Back in the glory days of Walt Kelly's comic strip "Pogo," before it became too verbose for me to follow, there was a manic and aggressive Bun Rabbit who proclaimed holidays on a drum. Not content to be limited to the usual ones, he went to such extremes as Knecht Ruprecht's Visiting Day and the Festum Stultorum. Now I can read Latin as good as the next man (whose name is, incidentally M. Tullius Cicero). But recognizing that the latter festival was the Feast of Fools didn't enlighten me much as to its actual nature, which necessity has just now forced me to track down.
It seems that in the later medieval Church it became a practice here and there to devote certain holidays to various ranks of the clergy. The sub-deacons' day came shortly after Christmas, the date varying from place to place. Since youth will have its fling, things soon got out of hand, and the young men kicked up their heels, conducted a farcical mass, sang dirty songs, burned old shoes for incense, and feasted on the high altar. Some day this outrageous behavior was a holdover from the Roman Saturnalia. Others (with whom I am inclined to agree) view it as a healthy and harmless way of blowing off steam. Apparently Church officials could do little more than try to tone it all down, and the Festum Stultorum lasted until the seventeenth century when it flickered out in the 1660s.
The Festum Stultorum was by no means the only parody of the Mass and other offices. There was the Beauvais Feast of the Ass in which priest and celebrants hee-hawed, and there were Masses for drunkards and gluttons. I possess a recording of a "Bacchic Vesper Service" written c. 1770 by Josef Roskovsky, by then called Father Pantaleon. Yet another example is the Officium lusorum or "Gamblers' Mass" which occupies the second side of this record, and is No. 215 of the Carmina Burana. The tunes are genuine Gregorian chants, though I believe the work follows the pattern of the daily Offices rather than that of high mass. The texts are outrageous (but not obscene) parodies; the opening of the ''Gospel'' should suffice to give the flavor: '' According to the false gospel of the silver mark ... '' (The first side of the record contains two extended songs, one a secular sequence, the other containing trouvere and Minnesinger elements.)
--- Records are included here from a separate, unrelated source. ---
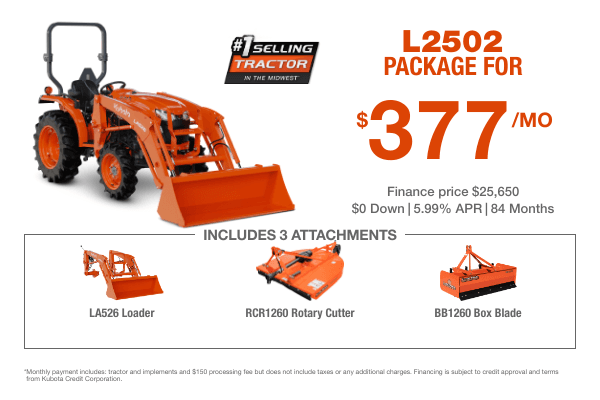 Monthly payment includes tractor and implements and $150 processing fee. KTAC insurance, taxes, and additional charges are not applied to monthly payment or financed price. Financing is subject to credit approval and terms from Kubota Credit Corporation.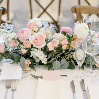 The reception inside Aldie Mansion was a vision of timeless romance and refined beauty. To carry the soft, garden-inspired aesthetic indoors, the floral design featured lush low arrangements of blush and ivory blooms - including roses, ranunculus, lisianthus, and delphinium - accented with silvery eucalyptus and trailing greenery. The florals flowed naturally across the long tables, complementing soft candlelight and gold accents for a warm, inviting glow.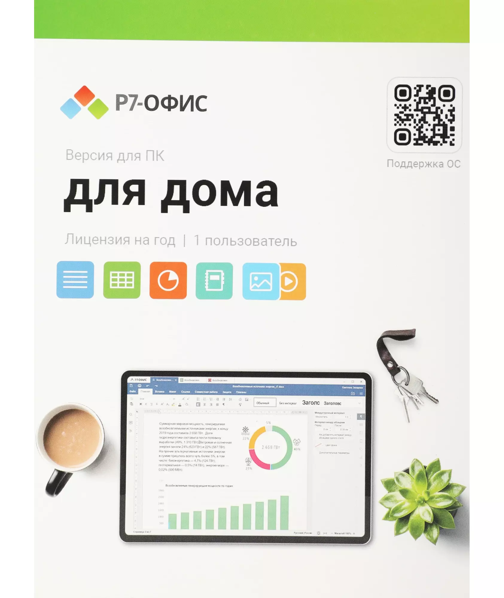 Лицензия на 1 пользователя на 1 год. В пакет входит: текстовый редактор, редактор электронных таблиц, редактор презентаций, средства просмотра видео и изображений, органайзер.

This is, as noted, the third volume of Dr. Clemencic's heroic attempt to present us with the "complete" medieval settings of the Benediktbeuren poems. I have remarked in the past that the vocalists in this series take a swinging, free-wheeling, and sometimes raucous approach to the songs, treating them as the popular music they undoubtedly were. I begin to think that Dr. Clemencic also intends to give us en passante the full panoply of musical instruments that were used in the Middle Ages (or might have been used). I note here the presence of coins(!) and a Jew's harp. I was tempted to work up a disquisition on the latter instrument (don't write to correct me about jaws-harps, because that's an exploded myth), but was able to restrain myself. But did you know that there were 19th century Jew's harp virtuosi, one of whom (ow! oh!) eventually wrecked all his front teeth with the instruments? And that some of them wrote for it? On your toes, MHS!